# Optical Forums > General Optics and Eyecare Discussion Forum >  Dioptric power vs. magnification power

## plculver

Does anyone know how to convert diopters to magnification power?  I mean, if I have a 4x magnifying glass, how many diopters is that?  Or if I have a 30 diopter plus lens, what magnification power is it?

----------


## mlm

For simplicity's sake, it's times 4.

4x magnifier = 16 D
30 D lens = 7.5x

(If I remember right, it's not exactly 4, but it's the easiest way to calculate it quickly.)

----------


## braheem24

From what I remember there are 2 standards and Asian and a German standard both of which have different conversions but both fall in the 4-5D range.

Good Luck

----------


## Ginster

Thanks Guy's I was wondering this myself, excellent question!;)

----------


## Barry Santini

The Scientific conversion: magnification reference (comparative) distance is 25cm (10 inches). 4D = 1X magnification.

This means that a lens that permits an object to be in focus at 10 inches away yields an approximately-equivalent retinal image size to an un-aided eye that focuses at the same distance. 

If there reference distance is changed, say to 8 inches (approx 20 cm), then 5D = 1X magnification

Then, add in marketing by magnifier companies that couldn't explain or find persuasive the concept that a 4D lens only yields 1x mag, and they decided to create the formula:

Magnication (of a simple maginifier) = Dioptric power of lens/ 4 "+" *1* = magnifying power.

In this example, a 4D lens = 2X.

This is all for "linear" magnification.  Angular magnification is something else.

FWIW

Barry

----------


## xiaowei

> The Scientific conversion: magnification reference (comparative) distance is 25cm (10 inches). 4D = 1X magnification.
> 
> This means that a lens that permits an object to be in focus at 10 inches away yields an approximately-equivalent retinal image size to an un-aided eye that focuses at the same distance. 
> 
> If there reference distance is changed, say to 8 inches (approx 20 cm), then 5D = 1X magnification
> 
> Then, add in marketing by magnifier companies that couldn't explain or find persuasive the concept that a 4D lens only yields 1x mag, and they decided to create the formula:
> 
> Magnication (of a simple maginifier) = Dioptric power of lens/ 4 "+" *1* = magnifying power.
> ...


This IS actually one of the few cases where it´s not (only) marketing, but there is some true optics behind it.;)

The first formula applies to the case, where the eye itself is focussed to infinity.

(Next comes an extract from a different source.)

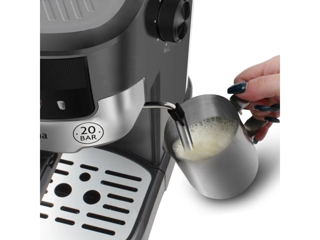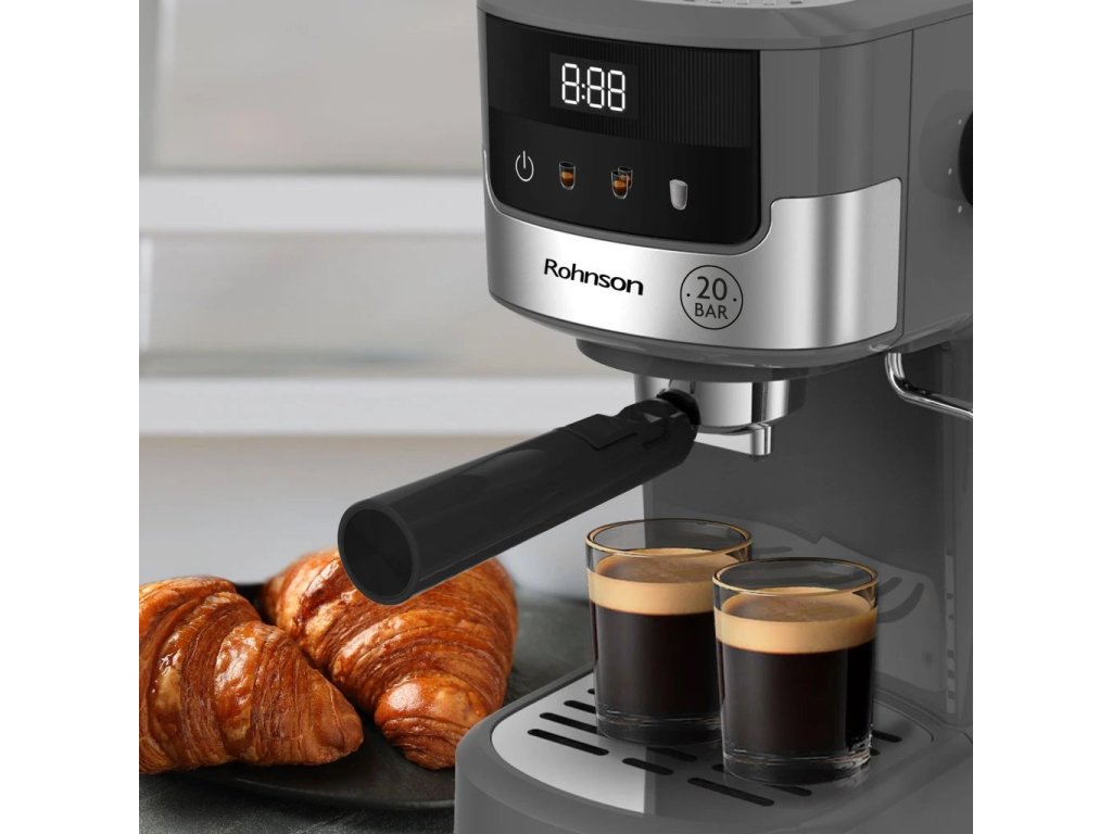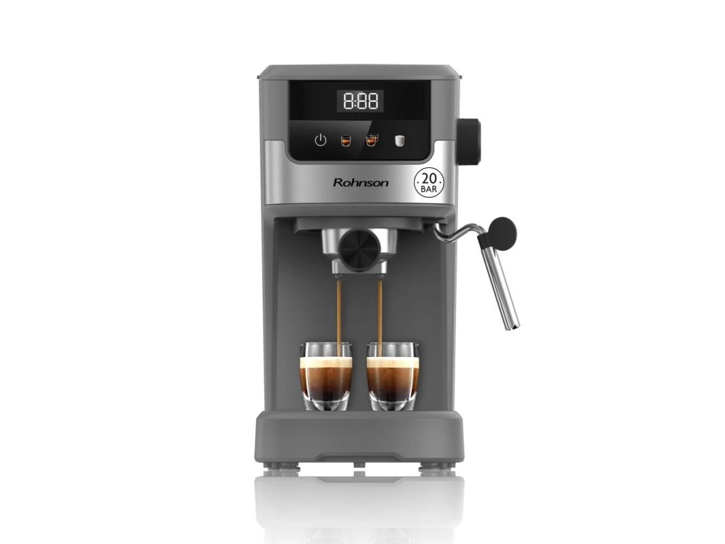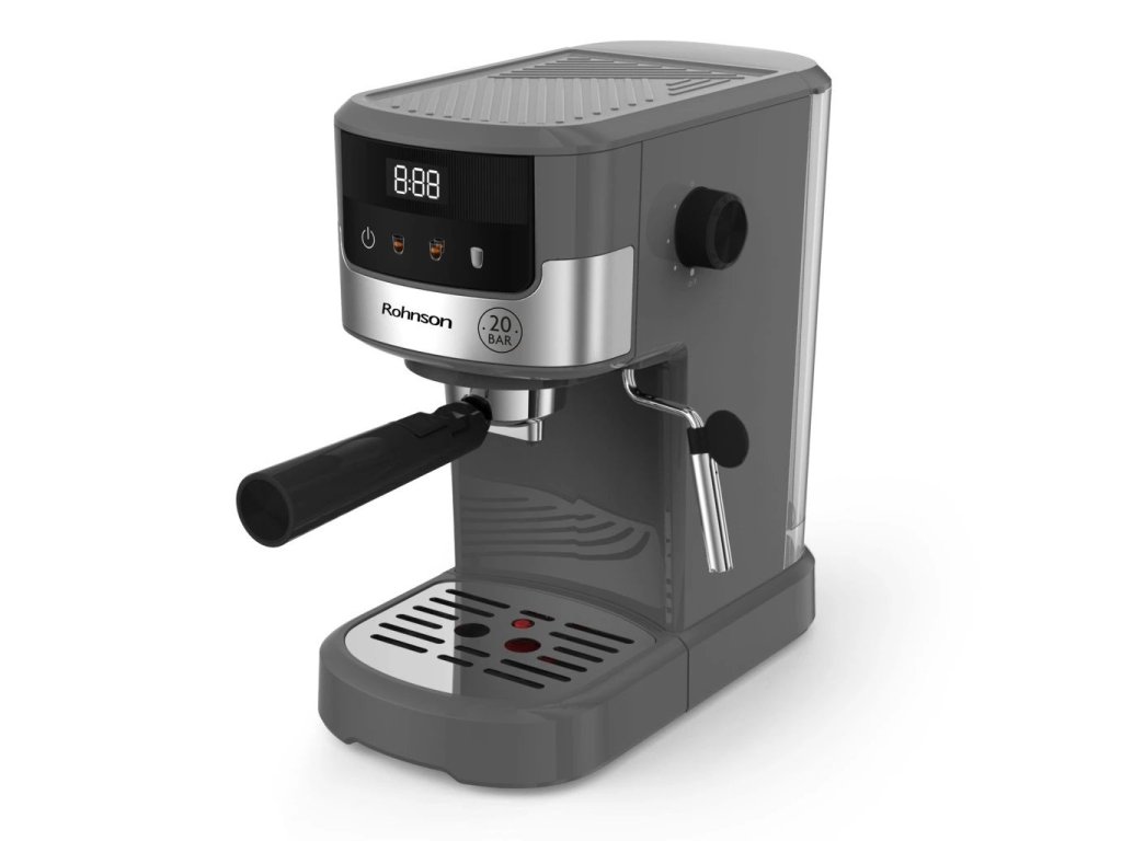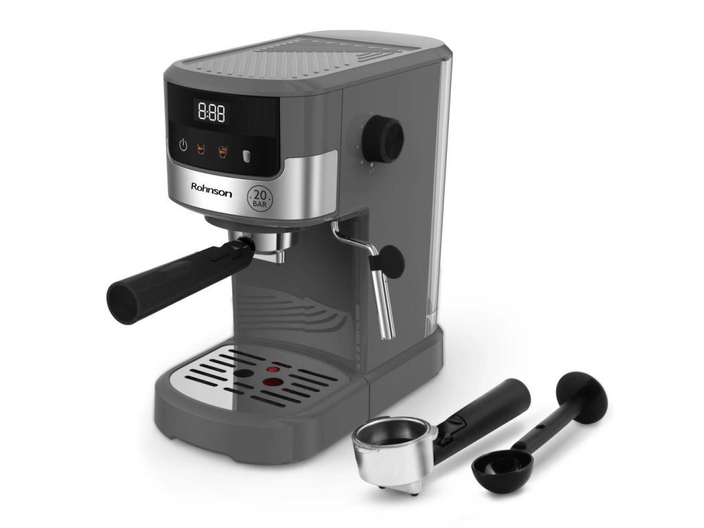 Espresso pákový kávovar, barva šedá, příkon 1100W, zásobník na vodu 1,25 l, vysokotlaká extrakce 20 barů, vysokotlaká tryska, LED digitální dotykový ovládací panel, snadné čištění, filtr pro přípravu jednoho nebo dvou šálků kávy.

The "+1" enters for the more realistic case, where the eye is already focused to 25cm and you use of the magnifier, meaning you also need to move the object a bit nearer to the lens (In that latter case, actually the distance eye-magnifier lens enters, the "+1" is an approximation for the limiting case where the magnifier lens is straight in front of the eye). 

小卫

----------


## Barry Santini

> The first formula applies to the case, where the eye itself is focussed to infinity. The "+1" enters for the more realistic case, where the eye is already focused to 25cm and you use of the magnifier, meaning you also need to move the object a bit nearer to the lens (In that latter case, actually the distance eye-magnifier lens enters, the "+1" is an approximation for the limiting case where the magnifier lens is straight in front of the eye). 
> 
> 小卫


This *is* interesting! So, by "straight in front of the eye", do you mean that the magnifier is being used almost as a "loupe" (wherein the magnifying lens is at the plane of the eye, and the object is placed just inside the fcous point of the magnifier/eye combination?)

barry

----------


## xiaowei

> This *is* interesting! So, by "straight in front of the eye", do you mean that the magnifier is being used almost as a "loupe" (wherein the magnifying lens is at the plane of the eye, and the object is placed just inside the fcous point of the magnifier/eye combination?)
> 
> barry


Yes, basically, if the distance between both lenses is zero and all componenents can be treated as "thin lenses", you can easily see why it increases the magnification by just 1:

If the eye focusses to 25cm instead of inf, the eye lense adds just another 4dpt to the whole power of the system. This is the same overall effect as leaving the eye focussed at inf and using a loupe of 4 more dpt. In the moment the distance is not zero, powers do no longer simply add and things become more complicated, but as long as the distance is small compared to the focal length of the magnifier, it´s a good approximation.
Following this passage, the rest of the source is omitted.